RUTH Davidson has condemned Alex Salmond for having a show on Russia Today. As with all her prognostications, the hypocrisy is simply breathtaking. In 2014 David Cameron begged Putin to help stop Scottish independence. At this time Davidson shared a platform with George Galloway. She did this at the Hydro to argue against Scottish independence. Galloway, at this time, was employed by Russia Today with his own show.

In 2008 the then shadow chancellor George Osborne held five meetings with Russian oligarch and Putin crony Oleg Deripaska.

In 2014 a game of tennis with Boris Johnson and David Cameron was auctioned off to raise £160,000 for Tory coffers. It was bought by Lubov Chernukhin, the wife of Vladimir Chernukhin, who was Russia’s deputy finance minister during Putin’s first term in office. The Tories then refused to hand the money back. They said there was nothing improper about it.

The Tories also had links with a lobbying firm representing high-profile Russian clients that donated a quarter of its annual profits to help the Tories win the 2015 General Election.

New Century Media gave the Tories £85,000 in the months leading up to the 2010 General Election, despite the company only making £267,000 in profits for the same financial year. They represented several Russian oligarchs.

In April of last year Formula One magnate Gerard Lopez gave the Tories £400,000. He is on the board of Rise Capital which has done deals for infrastructure projects worth billions in Russia. Listed as partners in the deals were three Russian banks subject to sanctions.

Ruth Davidson is an intellectual pygmy. She is incapable of having any principled position on anything.
Alan Hinnrichs

WELL done to Alex Salmond on getting his own show on Russia Today, it will provide an excellent opportunity to help push the independence message across the airwaves. I know the usual Unionist mob will moan about this being a Kremlin-backed TV station but is it any worse than the drivel we get force-fed from the UK Government-funded BBC?

For example, BBC Radio Scotland’s Call Kaye show seems to twist every issue into an SNP-bad story, or the biased interviews on Radio Scotland’s Good Morning Scotland where SNP representatives are harried and interrupted while Unionist politicians are allowed to drone on about anything they fancy without interruption.

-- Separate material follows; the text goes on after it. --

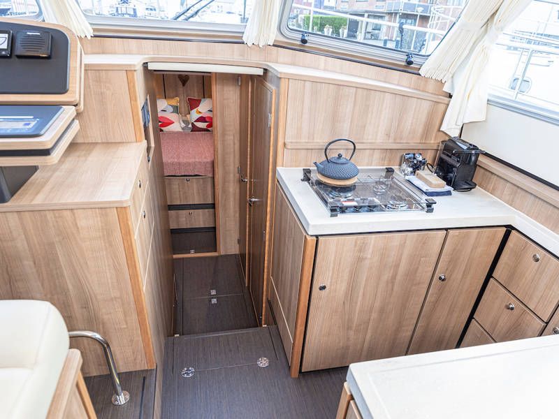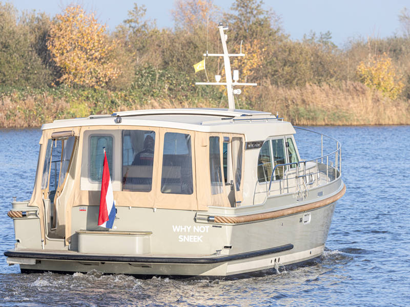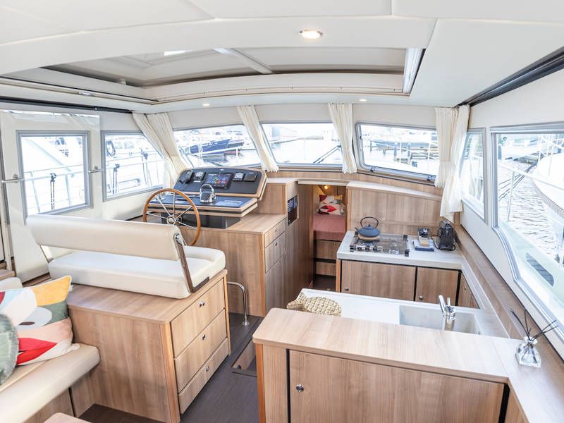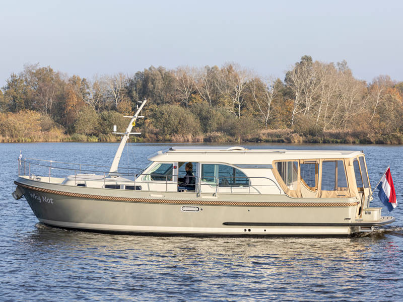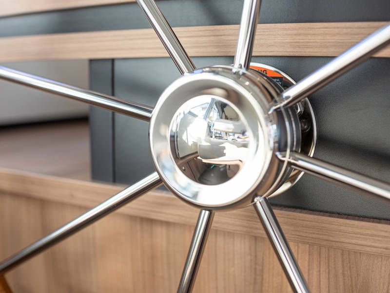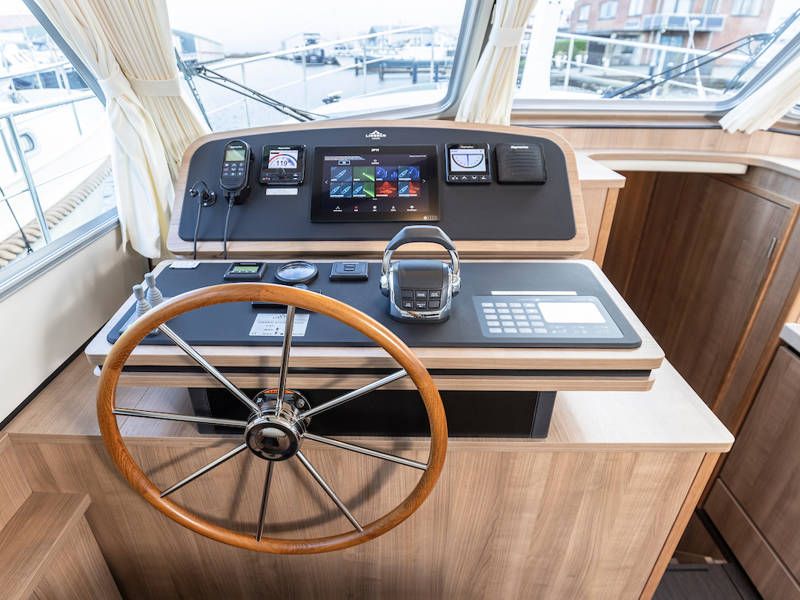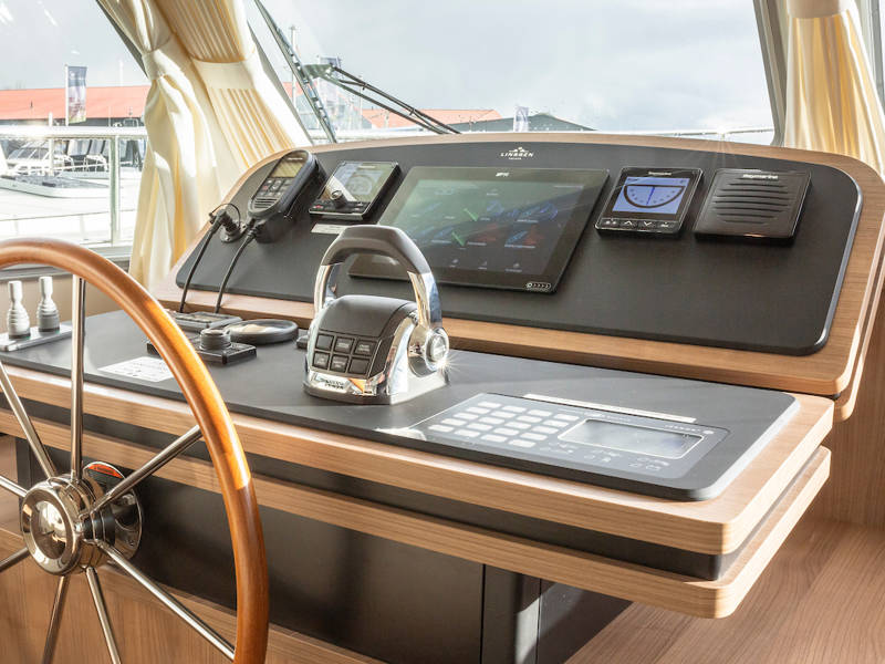 Der Steuerstand ist mit einem kompletten Navigationpaket, einer Zwei-Personen-Lenkbank mit daneben ein Schiebetür und einem Volldach-Schiebedach ausgestattet, das das Gefühl vermittelt, draußen zu sitzen. Diese 40.0 Sedan von Linssen Yachts hat auch besonders gute Segeleigenschaften.

And if broadcast media in Scotland is bad (and Dr John Robertson and Inform Scotland have proven this time after time) then the press is probably worse. Yet I don’t recall the complaints from the Britnats on this? Salmond has stated he will have full editorial control over his show and I for one will be watching it.
Councillor Kenny MacLaren

IT is ironic that the resignation of Mark McDonald MSP as a Scottish Government minister highlights the way the SNP treat female politicians compared to their male counterparts. While McDonald was allowed to decide his own fate after complaints were made against him, the same principle was not applied to Michelle Thomson, the former SNP MP who was hounded by the press despite no charges against her. Ms Thomson was suspended from the SNP, was not allowed to stand at the last General Election, and effectively lost her livelihood.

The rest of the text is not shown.